Where does the productive zone sit? Several notes converge on an inverted-U: medium-difficulty problems give the strongest gains because they mix enough successes to reinforce with enough informative failures to learn from, while easy samples carry no signal variance and very hard ones backfire Why do medium-difficulty problems teach reasoning better than hard ones?. The backfire is concrete and worth knowing: near-impossible problems don't just waste compute, they teach degenerate shortcuts — answer repetition, skipped computation — that group-relative reward normalization amplifies by treating a rare lucky success as a high-value trajectory, contaminating skills the model already had Do overly hard RLVR samples actually harm model capabilities?. So adaptive selection isn't just about efficiency; it's damage control.

The same logic shows up from the *receiving* side. When a stronger teacher refines training data, the refinements only help if they sit inside the student's learning frontier — objectively better data degrades a weaker student that can't yet absorb it, so the student should filter by its own profile rather than accept everything Does teacher-refined data always improve student model performance?. That's curriculum selection wearing different clothes: keep only what's currently learnable.

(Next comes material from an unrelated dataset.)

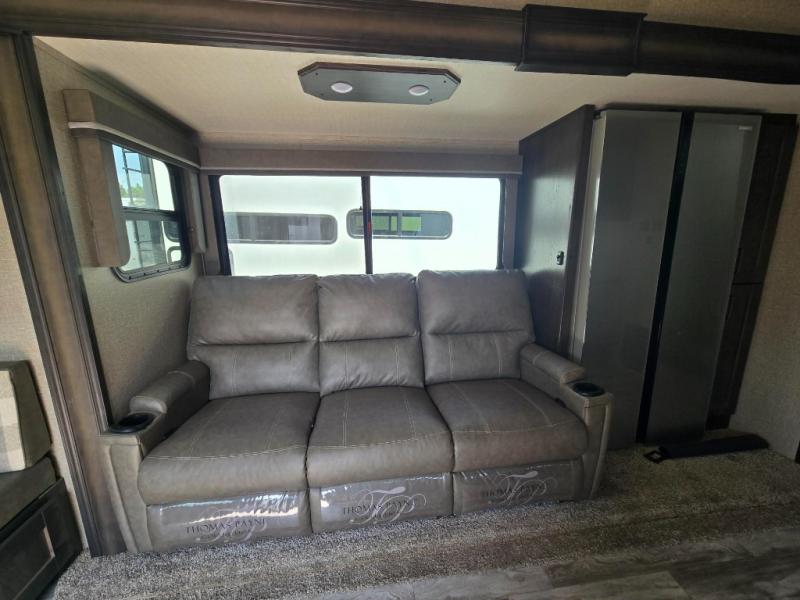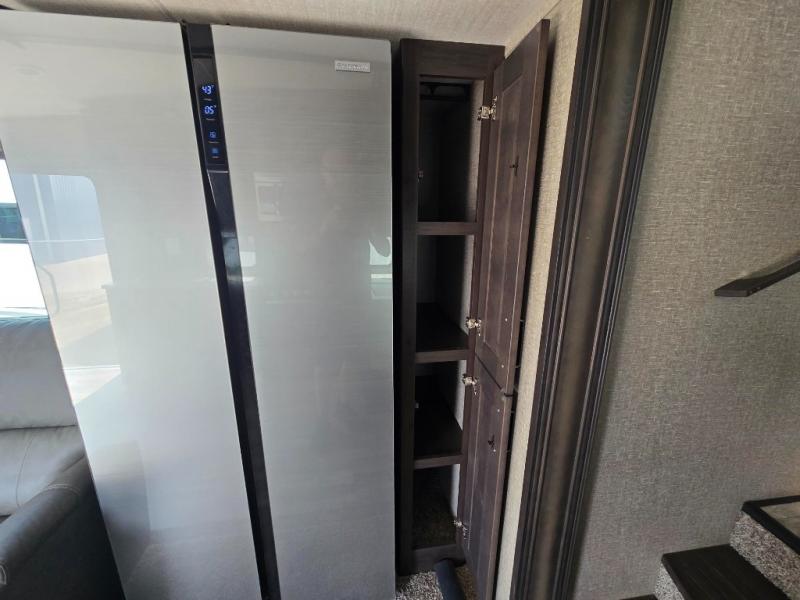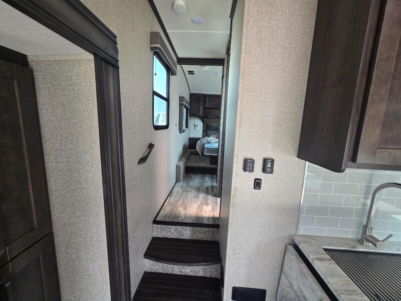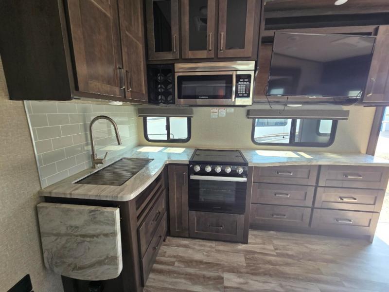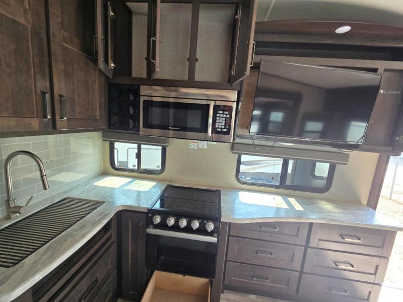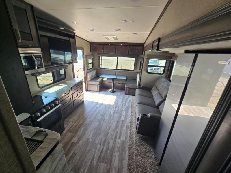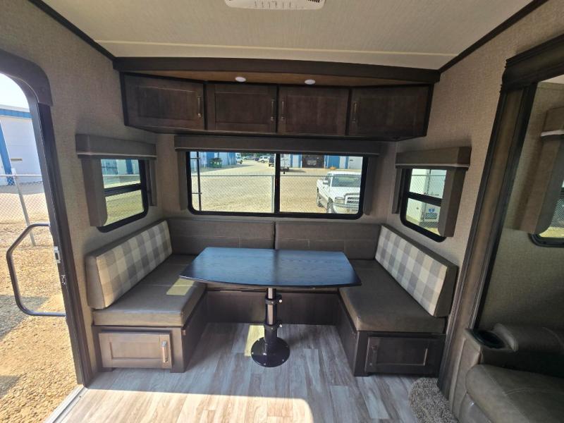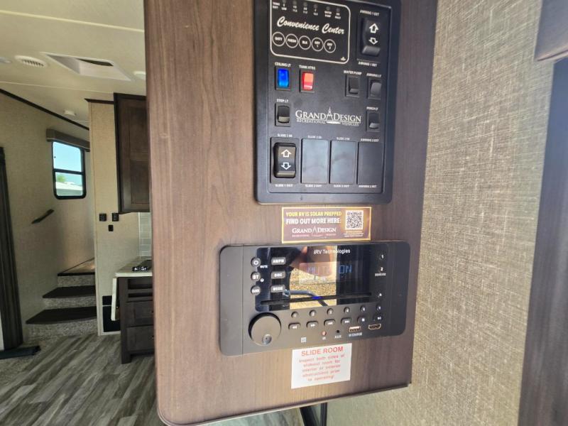 With any Reflection 150 Series fifth wheel by Grand Design, there is more available payload capacity and a broader range of half-ton trucks capable of towing this fifth wheel, and no slider hitch is needed thanks to the 90-degree turning radius which makes them short bed friendly and easier to tow. The mandatory Ultimate Power package provides a "One-Touch" automatic leveling system and a detachable power cord with LED light for easy setup, plus motion sensor pass-through lighting and entry lighting, and the Tire Linc TPMS will help you stay safe on the road. The interior offers residential luxury from the cabinetry and gunstock hardware plus the booth dinette to the residential-style window treatment. Make your refined decision today!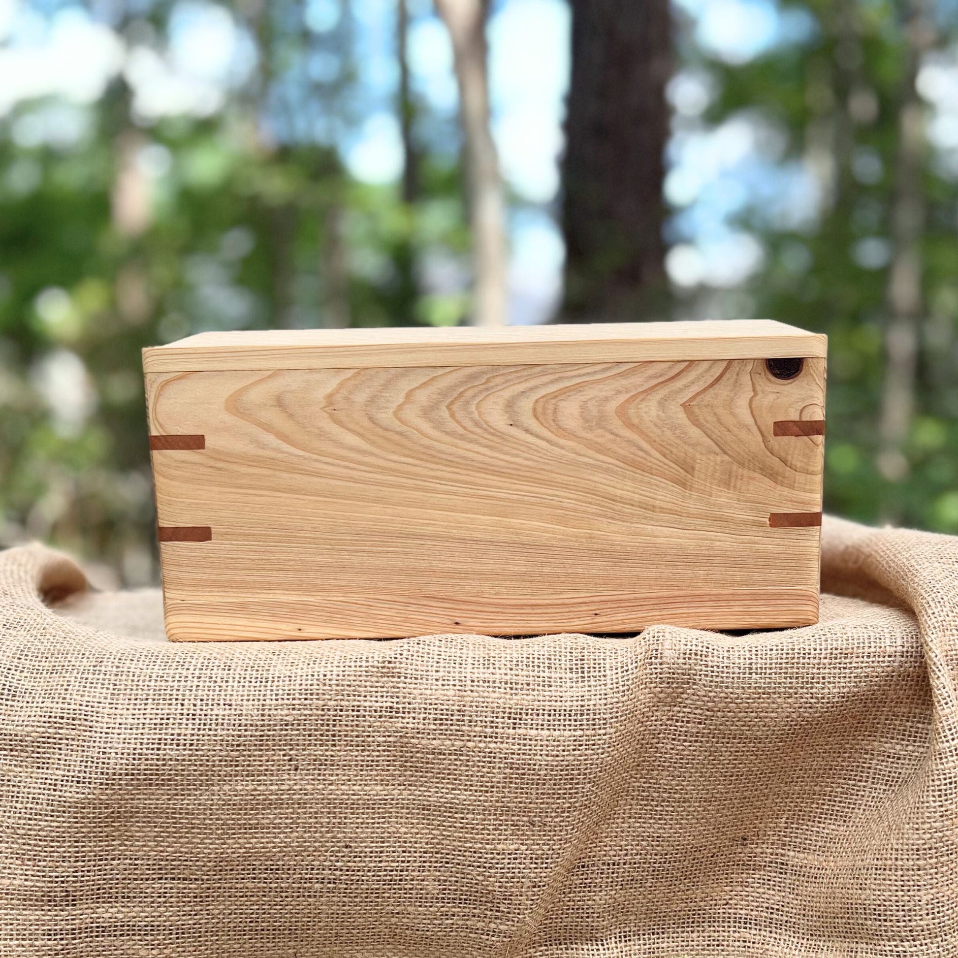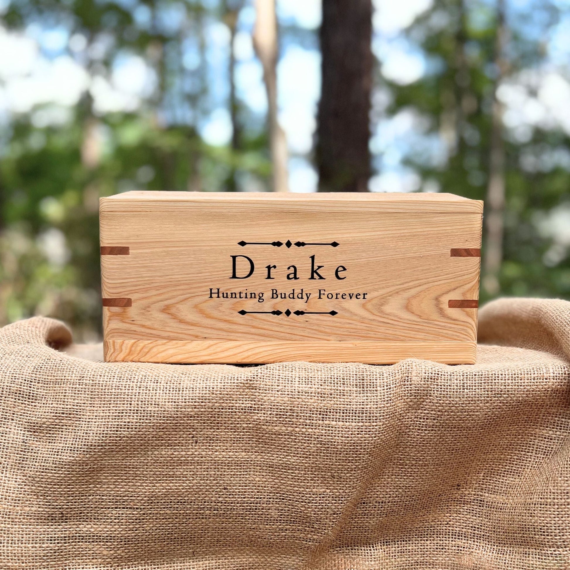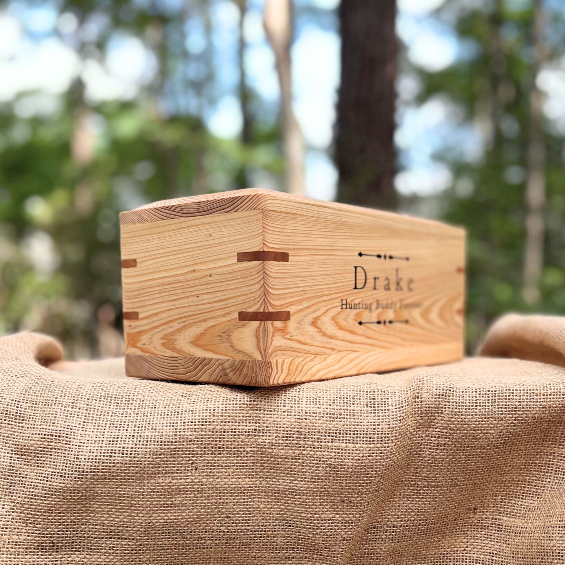 Custom, handmade solid Cypress pet urn or memorial box with solid Cherry splines. Choose your size and customize the nameplate and top image. We make these urns with love and care as a final resting place for your beloved pet's cremains and/or keepsakes like a leash, collar, tags or small toy. Keep your pet's memory near with this beautiful memorial.

Where the corpus gets genuinely interesting is that curriculum doesn't have to mean re-sorting a problem pool. Reverse-curriculum RL manufactures difficulty inside a single problem by sliding the reasoning start state backward from near-completion outward, turning one hard task into a graded sequence and approximating expensive step-level supervision using only outcome feedback Can curriculum learning approximate expensive process supervision?. And step-wise expert-similarity rewards keep otherwise-too-hard samples in play by handing out dense partial credit even when every rollout fails — which is why that method works best as a curriculum *foundation* before you switch to sparse outcome rewards Can step-wise expert rewards help small models learn hard reasoning?. Both quietly change which samples are selectable by changing what counts as a usable signal.

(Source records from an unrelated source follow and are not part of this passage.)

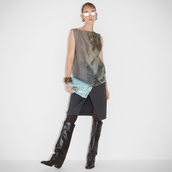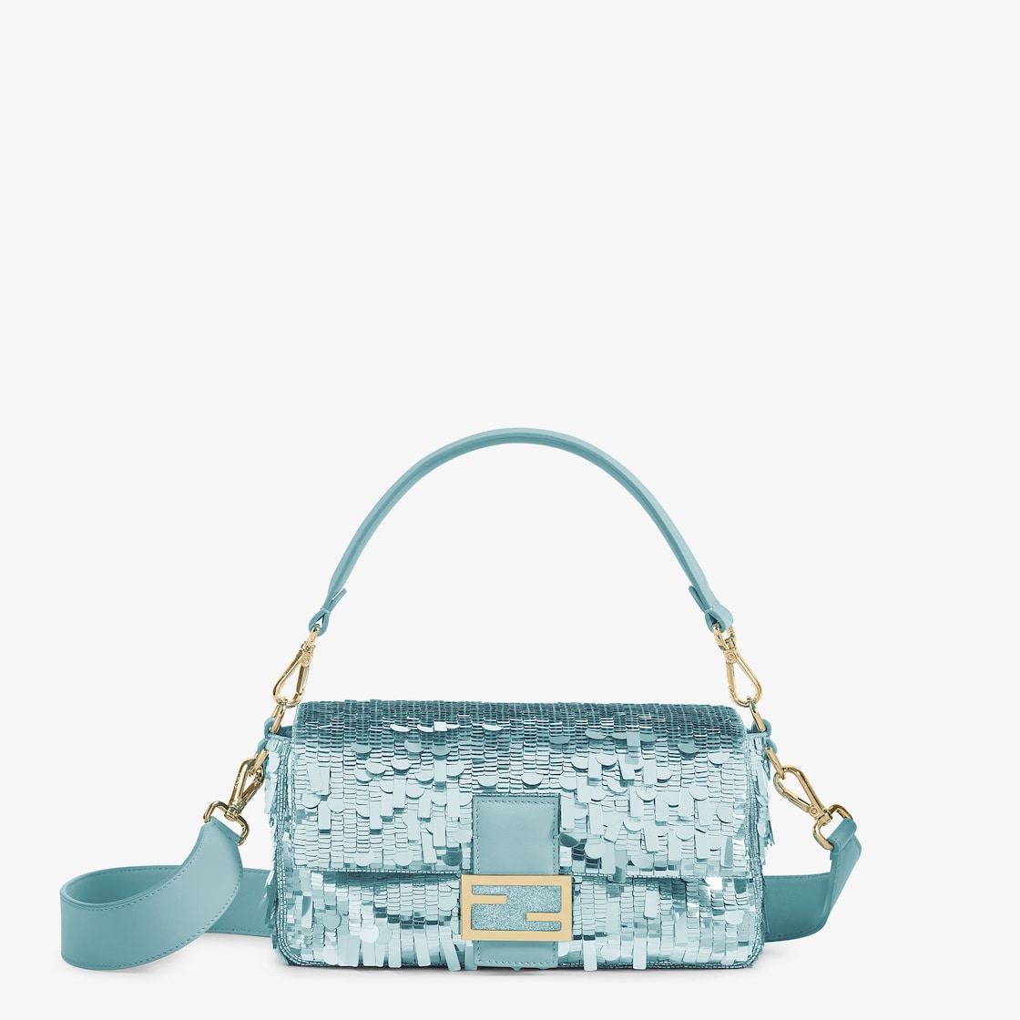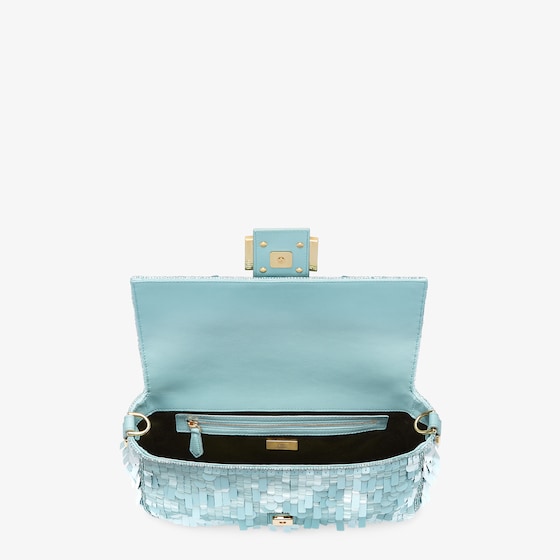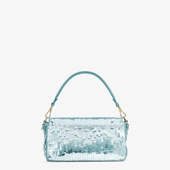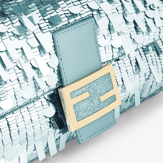 Hand-embroidered with light blue sequins of different shapes and sizes. Embellished with tone on tone calfskin details and decorated with an FF clasp.
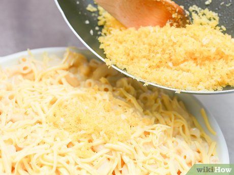 Phủ Bột Chiên Xù Lên Mì Ống. Việc Bạn Cần Làm là Cho Bột Chiên Xù trong Chảo Lên Bề Mặt Mì Ống. Bây Giờ Mì Ống Đã Sẵn Sàng để Nướng!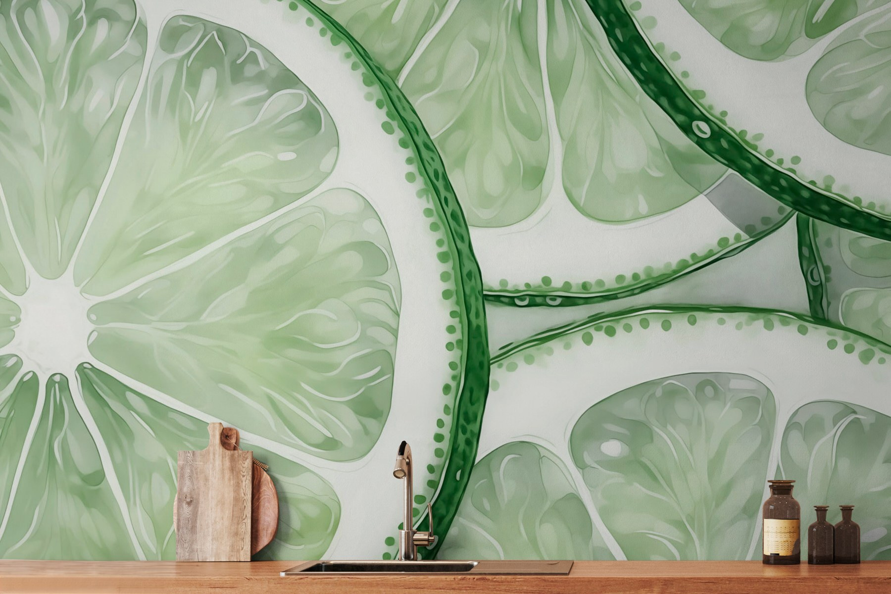 Aporta un toque picante a tu espacio con este encantador mural de rodajas de lima fresca apiladas. Es luminoso, alegre y perfecto para animar una cocina o un comedor. Imagina que organizas una cena: prepara el escenario para las risas, la buena comida e incluso unas margaritas. Los verdes vibrantes y los detalles intrincados hacen que parezca que estás entrando en un mercado de frutas. Además, las limas tienen algo muy refrescante: aportan energía sin resultar abrumadoras. Perfecto para cualquiera que crea en el poder de un ambiente alegre. Disfrute de la explosión de creatividad que aporta este mural y vea cómo sus paredes se transforman en un animado tema de conversación.

The thread worth leaving with: adaptive curriculum reshapes selection on two axes at once. It moves the difficulty window to track rising ability, and it changes the *granularity* of the reward so that samples too hard to learn from at the outcome level become learnable at the step level. There's even a hint the model does a version of this internally — hidden states sparsify selectively as tasks get harder, acting as an adaptive filter under unfamiliar load rather than simply breaking Do language models sparsify their activations under difficult tasks?.


Sources 7 notes

How does model ability change what samples teach?

A sample's learning value depends on the interaction between its difficulty and the model's current ability, not difficulty alone. The productive band of medium-difficulty problems drifts during training, making static difficulty estimates obsolete within steps.

Why do medium-difficulty problems teach reasoning better than hard ones?

RLVR learning follows an inverted-U curve across difficulty: medium problems yield strongest gains because they balance success frequency with informative failures, while easy samples lack variance and hard samples amplify shortcuts.

Do overly hard RLVR samples actually harm model capabilities?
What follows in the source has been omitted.